--- START ---

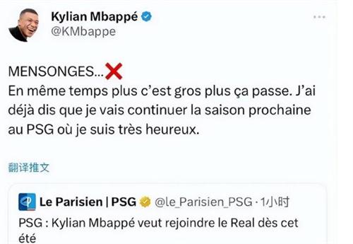 在兩年之后,姆巴佩似乎已經下定了決心,書面通知巴黎自己將不會繼續和球隊續約,正在多家媒體認為,他有可能離開隊伍展會的時候,姆巴佩又在社交平臺上發文,他再次重申自己在下個賽季將會繼續留在巴黎,表示網上有關自己轉會皇家馬德里的說法,完全是錯誤的言論。
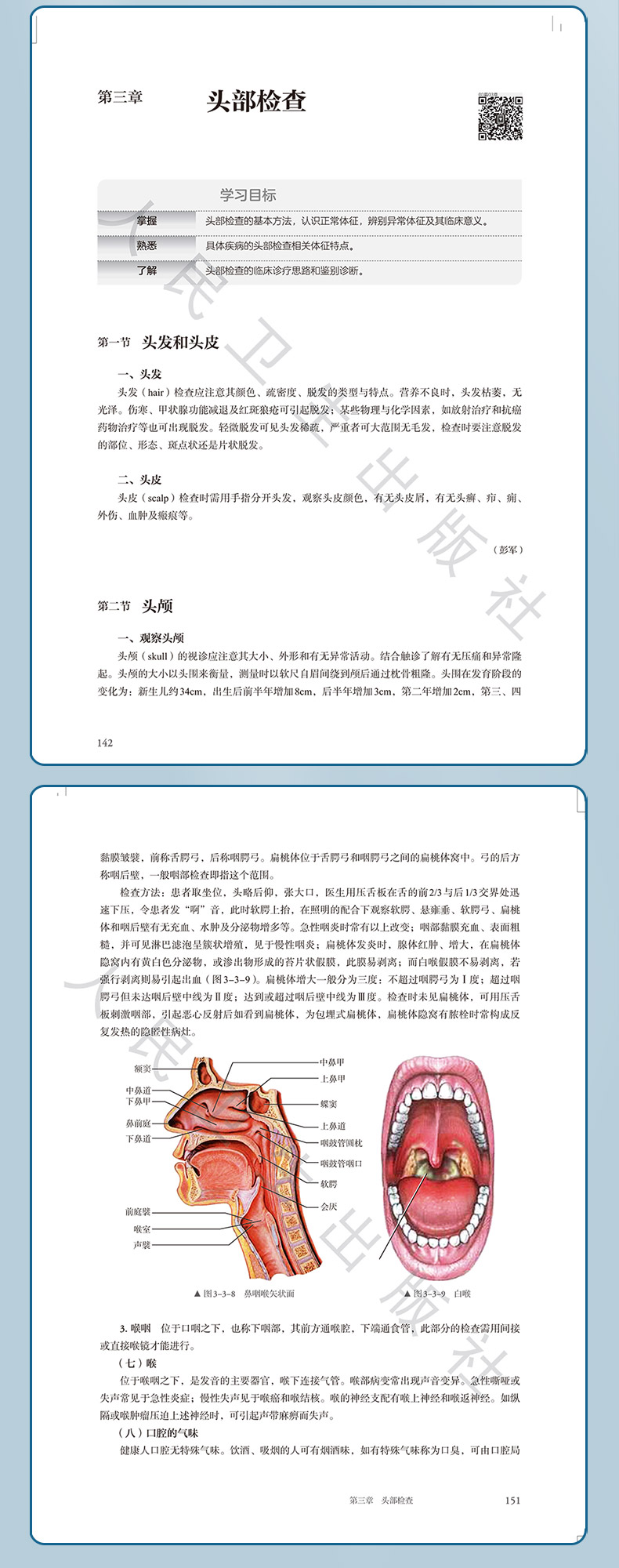 本版教材的特点: 1.每章均有“学习目标、学习内容、学习小结、复习思考题”四个模块。章首的“学习目标”让学生明确需要掌握、熟悉或了解的内容,有目的、有重点地学习,提高学习效率。章末的“学习小结”总结了本章重点,字简意深。“复习思考题”增加了选择题和答案,在学生练习和思考过程中,可以更好地掌握本章的重点内容。章中部分增加了“相关链接”,补充了新技术、新方法、新成果等内容。 2.在常见症状中,增加了“阴道出血”。在检体诊断中,增加了电子血压计测量血压的方法,更新了部分体格检查的图片。 3.在问诊与接诊方法中,突出“以患者为中心”的理念,强调医患沟通的重要性,修改了问诊范例,旨在使学生懂得如何围绕主要症状,循序渐进地进行病史采集,最终归纳出相关的主诉、现病史等内容。 4.在病历书写部分,参照国家卫生健康委员会的有关**文件和规范要求,对病历种类、书写要求、内容和格式进行了修订。 5.增加图表,通过图表表达能力强、简洁、总结性强、易于领会、便于分析比较的特点,帮助学生寻找规律、引出结论。 6.全书更新知识、重点突出、删繁就简,以“更新、更简、更实用”为目标,提高教材的实用性。 7.为了启发读者阅读并提高临床分析思维能力,本版教材数字内容包括课件、自测题和在线课程,扫描二维码即可查看,方便学生在业余时间复习。
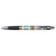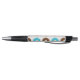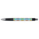 Esta caneta apresenta um padrão de rosquinhas com gelo pastel e aspersão. A banda azul clara no meio lê "rosquinha se preocupa, seja feliz!" em letra branca.

--- END ---

### What needs to be done
Could you transcribe all of the data exactly, keeping every picture out of the copy?

### Answer for the task
 在兩年之后,姆巴佩似乎已經下定了決心,書面通知巴黎自己將不會繼續和球隊續約,正在多家媒體認為,他有可能離開隊伍展會的時候,姆巴佩又在社交平臺上發文,他再次重申自己在下個賽季將會繼續留在巴黎,表示網上有關自己轉會皇家馬德里的說法,完全是錯誤的言論。
 本版教材的特点: 1.每章均有“学习目标、学习内容、学习小结、复习思考题”四个模块。章首的“学习目标”让学生明确需要掌握、熟悉或了解的内容,有目的、有重点地学习,提高学习效率。章末的“学习小结”总结了本章重点,字简意深。“复习思考题”增加了选择题和答案,在学生练习和思考过程中,可以更好地掌握本章的重点内容。章中部分增加了“相关链接”,补充了新技术、新方法、新成果等内容。 2.在常见症状中,增加了“阴道出血”。在检体诊断中,增加了电子血压计测量血压的方法,更新了部分体格检查的图片。 3.在问诊与接诊方法中,突出“以患者为中心”的理念,强调医患沟通的重要性,修改了问诊范例,旨在使学生懂得如何围绕主要症状,循序渐进地进行病史采集,最终归纳出相关的主诉、现病史等内容。 4.在病历书写部分,参照国家卫生健康委员会的有关**文件和规范要求,对病历种类、书写要求、内容和格式进行了修订。 5.增加图表,通过图表表达能力强、简洁、总结性强、易于领会、便于分析比较的特点,帮助学生寻找规律、引出结论。 6.全书更新知识、重点突出、删繁就简,以“更新、更简、更实用”为目标,提高教材的实用性。 7.为了启发读者阅读并提高临床分析思维能力,本版教材数字内容包括课件、自测题和在线课程,扫描二维码即可查看,方便学生在业余时间复习。
 Esta caneta apresenta um padrão de rosquinhas com gelo pastel e aspersão. A banda azul clara no meio lê "rosquinha se preocupa, seja feliz!" em letra branca.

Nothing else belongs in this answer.